A1M Pharma’s manufacturing partner has completely manufactured the first large scale batch of the active substance in the candidate drug ROSGard and A1M Pharma has now decided to use this batch in the upcoming GLP toxicology studies.

During 2016, A1M Pharma has performed an up-scaling of the manufacturing process for the active substance in the company’s candidate drug ROSGard, together with a European manufacturer. During 2016, the first large scale manufacturing of a so-called development batch was performed by directly, without any intermediate steps, scaling up the manufacturing process with a scale-up factor 100 to a level sufficient for GLP toxicology studies as well as the company’s upcoming clinical studies. Tests of the batch in question have now been conducted and all the parameters regarding the quality of the substance, including the level of purity, shows that the large scale manufacturing process works very well. The company has therefore decided to use this batch for the upcoming GLP toxicology studies. These studies will form the basis for the application to initiate a clinical phase I study.

“To achieve a successful large scale manufacturing of the active substance in ROSGard with sufficient quality and quantity for our further toxicology studies and clinical studies right away is a great success for A1M Pharma. I am proud that we have achieved one of the most important milestones on our way towards clinical studies”, says A1M Pharma’s Head of Development Eddie Thordarson.

A1M Pharma, together with the company’s manufacturing partner, will now optimize selected stages in the manufacturing process with the aim of increasing the yield of the active substance. Apart from this, the only difference going into GMP manufacturing will be the implementation of stricter requirements for documentation.

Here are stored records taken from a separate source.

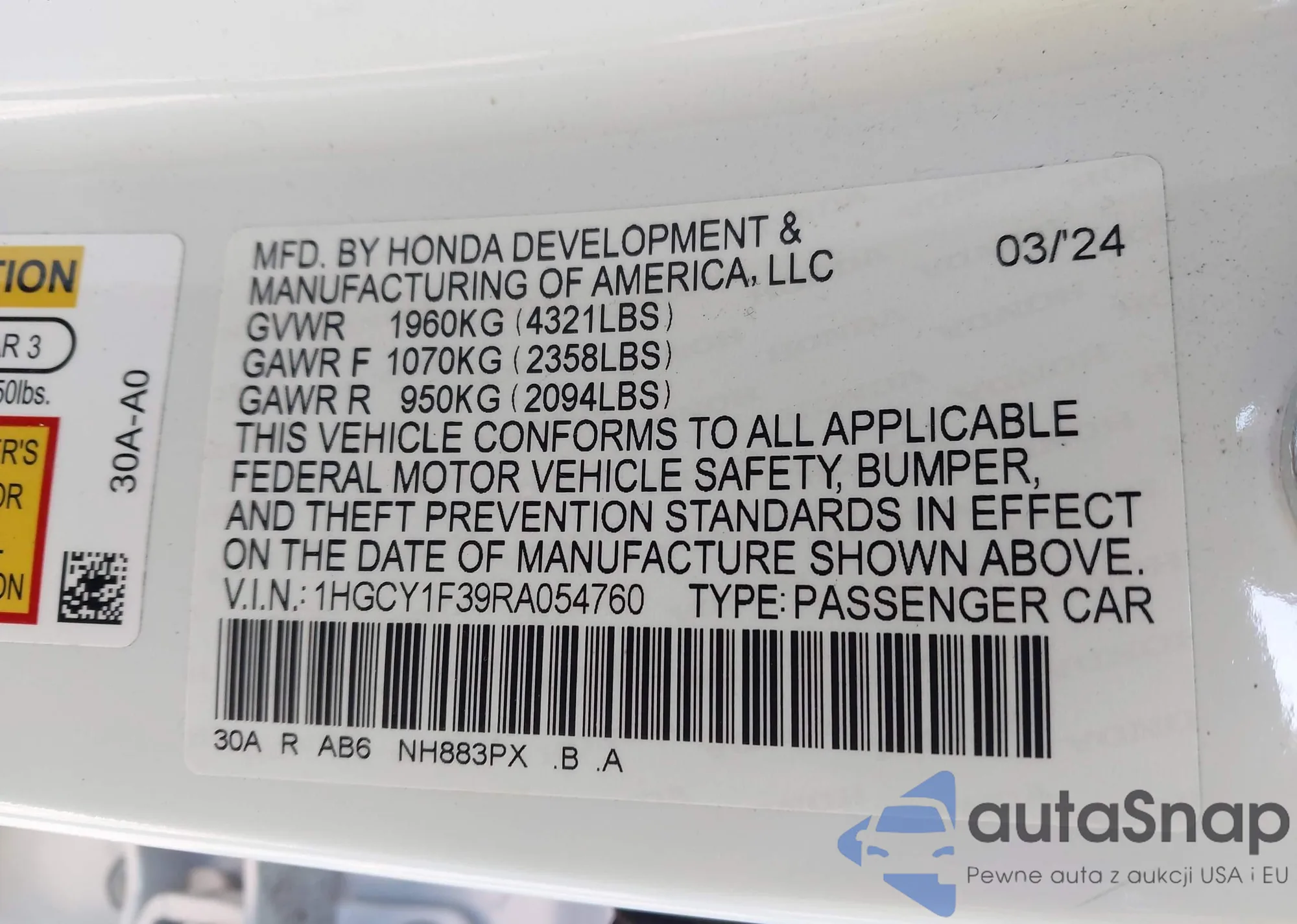 LOT: 43985142 VIN: 1HGCY1F39RA054760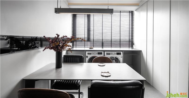 白色的巖板餐桌,巖板的材質(zhì)顯得比較輕盈,搭配皮面餐椅,一雙黑色搭配另一雙棕色的皮面餐椅,搭配枯色的花藝,與整體色調(diào)相統(tǒng)一。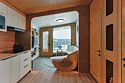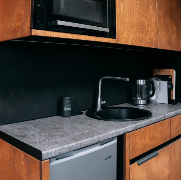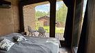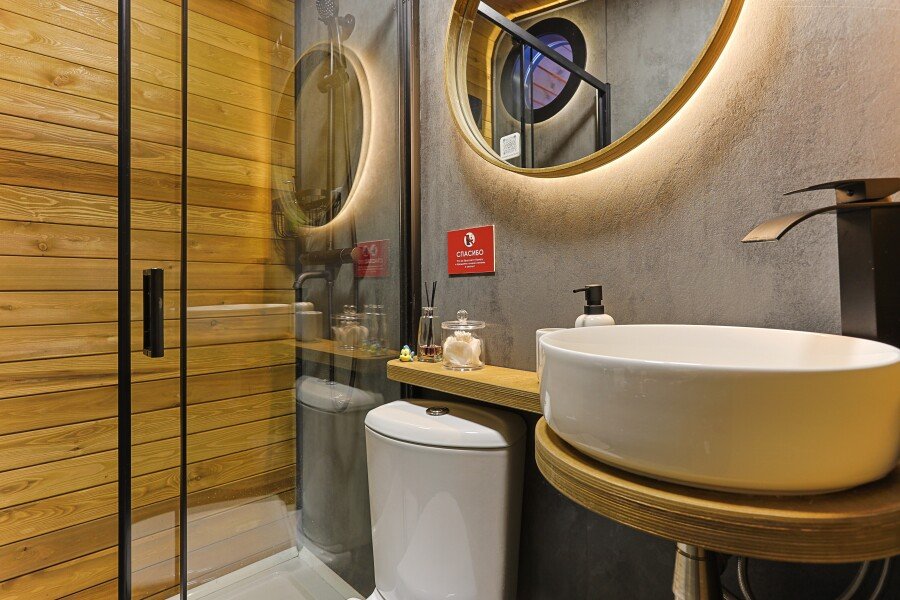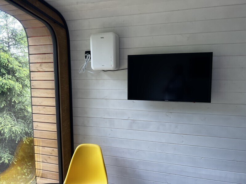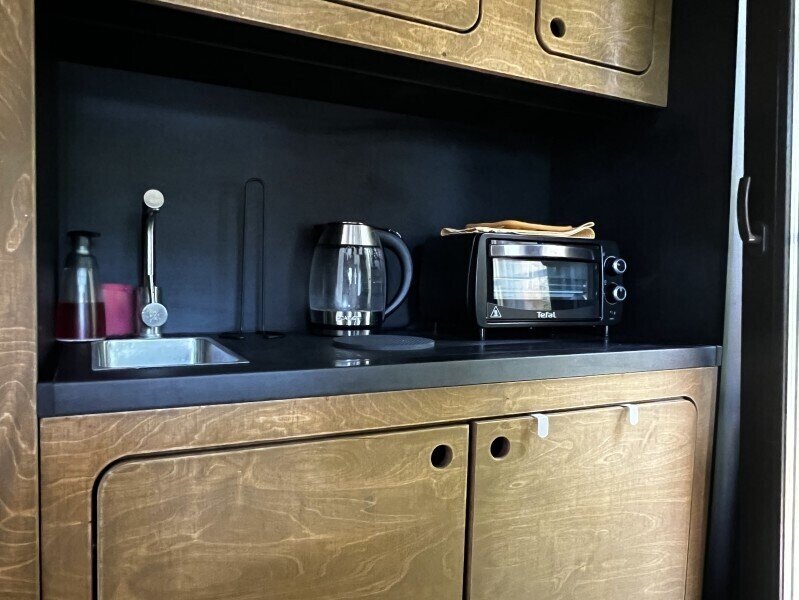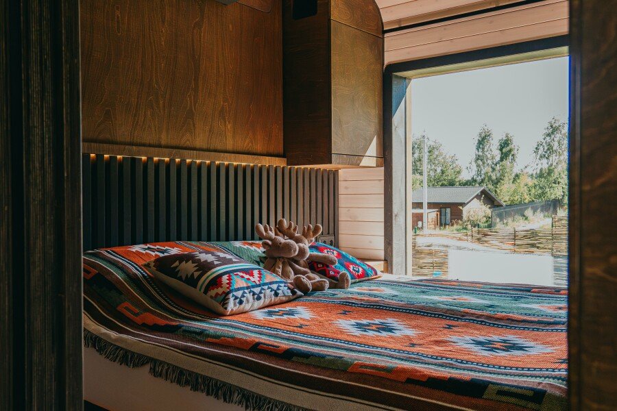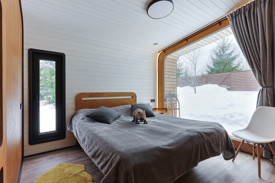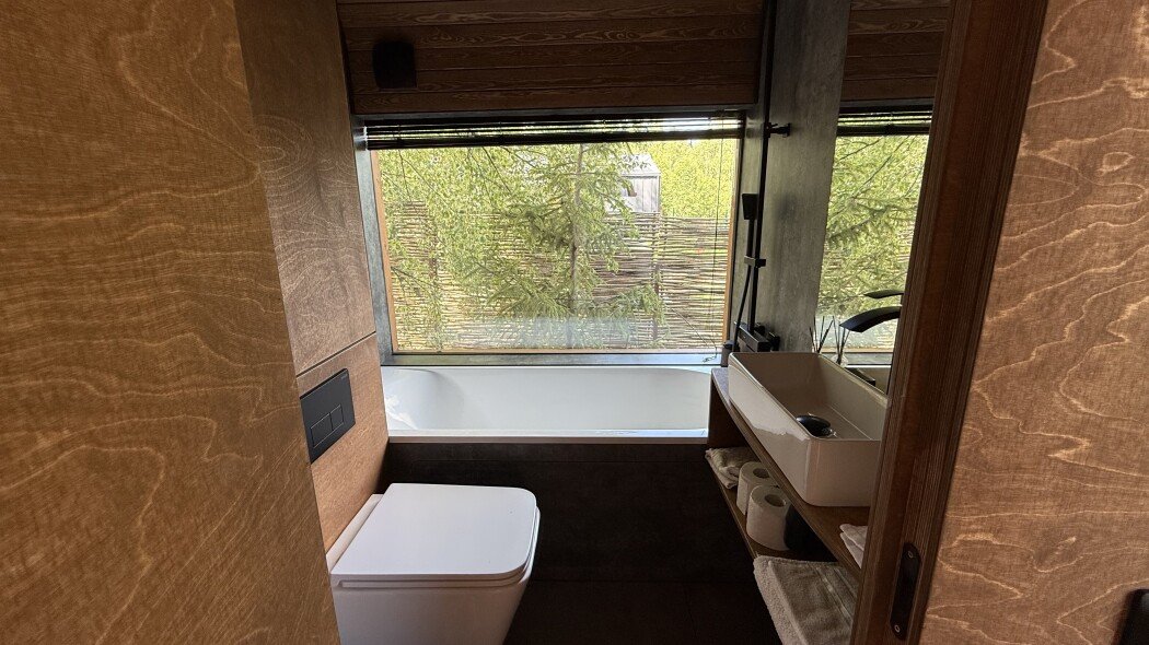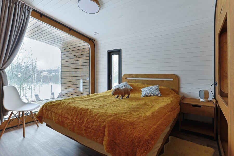 Внутри: гостиная с диваном и панорамным видом на лес. ЖК‑телевизор 55" с оплаченным Кинопоиском. Кухня оборудована индукционной плитой, холодильником с морозильной камерой, посудомоечной машиной, микроволновой печью, чайником, кофемашиной и всей необходимой посудой. Кондиционеры. Санузел с душем, комплект полотенец для каждого гостя и фен. Раскладная детская кроватка. Большая веранда с пуфиками. Высокоскоростной интернет (Wi‑Fi).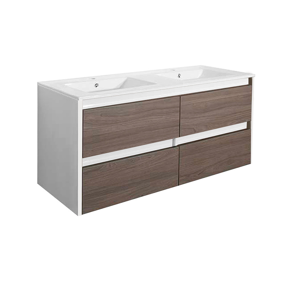 A csomag része a bútorra tökéletesen illeszkedő, fehér színű, dupla medencés kerámia mosdó is, amely két csaptelep számára kialakított hellyel rendelkezik. így nem kell külön keresni a hozzáillő mosdót. A csomag nem tartalmazza a csaptelepeket és a leeresztőt!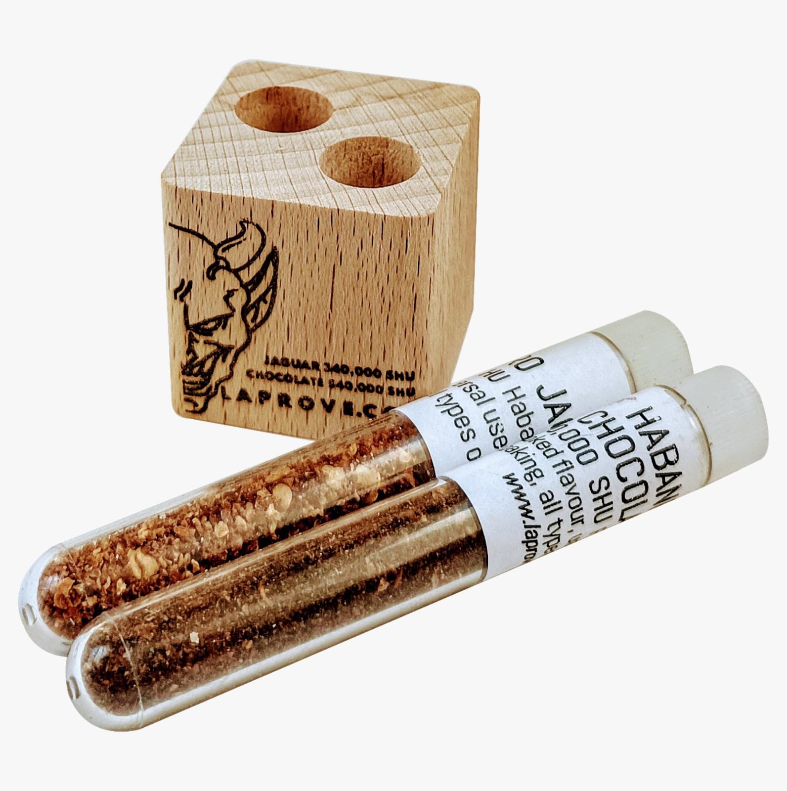 LaProve Chilli Jaguar Chilli Chocolade in a wooden cube with 2 ampoules 2g+2gx.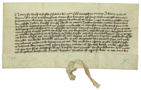 Dokument wydany w 1394 roku w Kazimierzu przez ławę miejską, w którym ławnicy kazimierscy stwierdzili, że Jan Armknecht odstąpił ogród koło kościoła Bożego Ciała Urbanowi i Janowi Czipserom – oraz zbliżenie zapisu imienia (Archiwum Narodowe w Krakowie, sygn. perg. 101)

Eddie Thordarson points out that the step from large-scale manufacturing of the active substance to a finished candidate drug is a lot less complicated than what has been achieved so far.

“Since the active substance is already in its final formulation, the step from active substance to a finished candidate drug that can be used in clinical studies is mainly a matter of achieving the appropriate dilution for the proper concentration, followed by aseptic filling.